今回の研究でも、92%の症例でVHL遺伝子に異常が検出されたほか、VHL異常が認められない症例においても、その症例の半数近くで遺伝子「TCEB1」に変異が生じていることを明らかにした。

TCEB1遺伝子はElongin Cをコードしており、VHLとともにHIFの分解に関わっていることが知られているが、今回の研究では、TCEB1(Elongin C)の変異は特定の2カ所のアミノ酸に集中していることを確認し、このアミノ酸に変異が生じて他のアミノ酸に置換されることで、Elongin CとVHLの結合が阻害され、これによりHIFが分解されず蓄積することを明らかにしたほか、他のがん腫において変異が生じていることが知られていたDNAの脱メチル化を調節する働きを持つTET2遺伝子や、酸化ストレス反応に関わるKEAP1/NRF2/CUL3遺伝子の変異も胃がんにおける変異として初めて同定したという。

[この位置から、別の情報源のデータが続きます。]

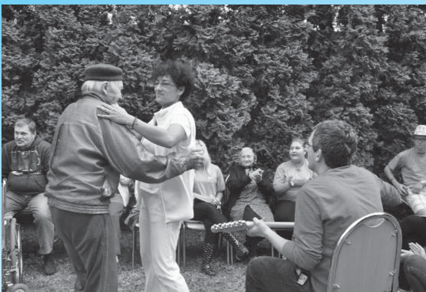
Senický týždeň dobrovoľníctva mal v zariadení soc. služieb aj takúto podobu

Možno je to len pocit, ale sú ľudia, ktorí nie lenže v DAVE v živote neboli (dokonca ani v predtým v čajovni), ale niektorí o ňom, o jeho súčasnej podobe, ani nepočuli.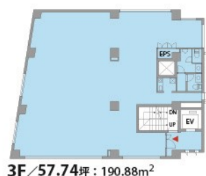
3F / 57.74坪：190.88m 2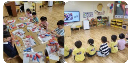
[한옥 만들기과 전통음식 퀴즈놀이] 한옥에 대해 알아보고 여러가지 재료로 한옥 만들기&전통음식 부분만 보고 이름 맞추기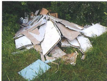
Les Murs Cliquets Juillet 2019

Le décès d'un Maire dans le Var a déclenché un phénomène médiatique sur les dépôts sauvages.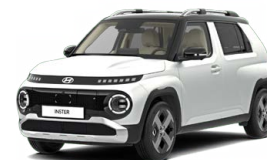
Aero Silver Matte Matná metalická Cena: 15 900 Kč Kombinace dostupná také s černým lakováním střechy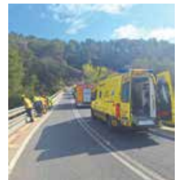
Punt de l'accident.

また、PBRM1、BAP1、SETD2など、クロマチン修飾に関わる遺伝子変異を高頻度に検出し、中でもBAP1の変異例は死亡のリスクが高いこと、SETD2の変異例は転移のリスクが高いことも確認したとしている。

さらに今回の研究では、遺伝子変異の同定だけではなく、染色体数の異常(コピー数異常)、遺伝子の機能の量的な異常(遺伝子発現)およびエピジェネティックな異常(DNAのメチル化)についても100例以上の症例を用いて網羅的な解析を行っており、これらを含めた各種の解析から、遺伝子変異、コピー数異常、遺伝子発現の変化、DNA のメチル化の状態には、それぞれ密接な関連があることが示されたほか、これらのゲノム異常のプロファイルから、淡明細胞型腎細胞がんが複数のサブグループに分類できることが明らかになったと研究グループでは説明しており、いくつかのゲノム異常は生命予後や再発などの臨床病型と相関をしており、特にメチル状態による分類は予後予測に有用である可能性があるとしている。

なお、研究グループでは、これらの遺伝子変異が明らかとなったことで、今後の研究から、淡明細胞型腎細胞がんの新たな分類方法や治療法の開発のほか、ゲノム異常に基づいた治療法や薬剤の選択といったオーダーメイド医療の実現が近づくことが期待されるとコメントしている。